- theatrical poster
- Directed by: Raoul Walsh
- Written by: Frederick Hazlitt Brennan (adaptation) Walter DeLeon Francis Martin Preston Sturges (uncredited)
- Produced by: Lewis E. Gensler
- Starring: George Burns Gracie Allen Martha Raye Bob Hope Betty Grable
- Cinematography: Victor Milner
- Edited by: LeRoy Stone
- Music by: Lyrics: Frank Loesser Music: Burton Lane Hoagy Carmichael Manning Sherwin Incidental: Gordon Jenkins John Leipold Victor Young
- Distributed by: Paramount Pictures
- Release dates: April 13, 1938 (New York City); April 29, 1938 (United States);
- Running time: 86 minutes
- Country: United States
- Language: English

= College Swing =

1938 film by Raoul Walsh

College Swing, also known as Swing, Teacher, Swing in the U.K., is a 1938 American comedy film directed by Raoul Walsh and starring George Burns, Gracie Allen, Martha Raye, and Bob Hope. The supporting cast features Edward Everett Horton, Ben Blue, Betty Grable, Jackie Coogan, John Payne, Robert Cummings, and Jerry Colonna.

==Plot==
It's 1738, and Gracie Alden of the powerful Alden family fails to graduate from the college founded by her grandfather for the ninth year in a row, so he leaves the institution in his will to the first female of the family to graduate within 200 years. At the deadline, in 1938, another Gracie Alden, the last girl of the line, is having trouble with her studies, so she hires fast-talking Bud Brady to help her. Her efforts are opposed by woman-hating professor Hubert Dash and his secretary George Jones, who don't want to see their beloved college fall into the hands of an empty-headed nit-wit like Gracie.

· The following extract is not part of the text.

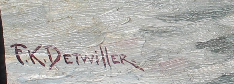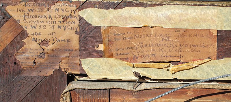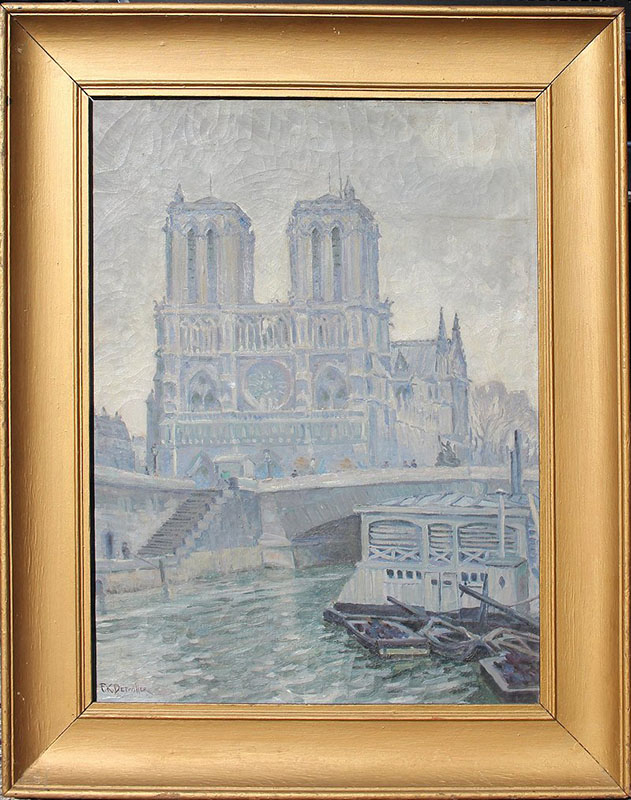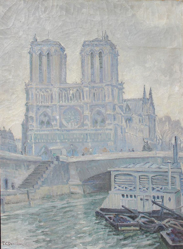 DETWILLER, Frederick, (American, 1882-1953): ''Facade of Notre Dame'', Oil/Canvas, 25.5'' x 19.75, signed lower left, titled ''Notre Dame de Paris, November, 1913'' verso on the canvas, several older exhibition labels affixed, period frame, 33'' x 26.5''.

When by hook and by crook Gracie manages to pass her exam and becomes the owner of the college, she does away with entrance exams, hires a bunch of incompetent but kooky teachers, and turns the place into a jumpin' jitterbugging joint complete with swing bands and remote radio broadcasts.

==Cast==
- George Burns as George Jonas
- Gracie Allen as Gracie Alden
- Martha Raye as Mable
- Bob Hope as Bud Brady
- Edward Everett Horton as Hubert Dash
- Florence George as Ginna Ashburn
- Ben Blue as Ben Volt
- Betty Grable as Betty
- Jackie Coogan as Jackie
- John Payne as Martin Bates
- Cecil Cunningham as Dean Sleet
- Robert Cummings as Radio Announcer
- Skinnay Ennis as Skinnay
- Jerry Colonna as Prof. Yascha Koloski (uncredited)
- The Slate Brothers as themselves
- Robert Mitchell and St. Brendan's Choristers as themselves

Cast notes:
- Mary Livingstone, who became well known as the wife of Jack Benny, appears in a small uncredited part as an usherette.
- Jackie Coogan and Betty Grable were married at the time they made this film together.

==Production credits==
- Raoul Walsh - director
- Lewis E. Gensler - producer
- Walter DeLeon - screenplay
- Francis Martin - screenplay
- Frederick Hazlitt Brennan - adaptation
- Ted Lesser - idea
- Victor Milner - photography
- Hans Dreier - art direction
- Ernst Fegté - art direction
- LeRoy Stone - editor
- Harold Lewis - sound recording
- Howard Wilson - sound recording
- Edith Head - costumes
- A. E. Freudeman - interior decorations
- LeRoy Prinz - staging dances
- Boris Morros - musical direction
- Arthur Franklin - musical adviser

==Songs==
- "The Old School Bell" - sung by Robert Mitchell and St. Brendan's Choristers
- "Moments Like This" - by Burton Lane (music) and Frank Loesser (words), performed by Florence George
- "I Fall in Love with You Every Day" - by Manning Sherwin (music) and Frank Loesser (words), performed by Florence George and John Payne
- "College Swing" - by Hoagy Carmichael (music) and Frank Loesser (words), sung by Betty Grable and Skinnay Ennis, danced by Betty Grable and Jackie Coogan
- "How'ja Like to Love Me?" - by Burton Lane (music) and Frank Loesser (words), performed by Martha Raye and Bob Hope
- "What Did Romeo Say To Juliet?" - by Burton Lane (music) and Frank Loesser (words), performed by John Payne and Florence George
- "What a Rumba Does to Romance" - by Manning Sherwin (music) and Frank Loesser (lyrics), performed by Martha Raye with Ben Blue, danced by Betty Grable and Jackie Coogan, George Burns and Gracie Allen, The Slate Brothers, and unidentified extras
- "You're a Natural" - by Manning Sherwin (music) and Frank Loesser (lyrics), performed by Gracie Allen
- "Irish Washerwoman" - traditional Irish jig, danced by Gracie Allen
- "Please" - performed by Jerry Colonna.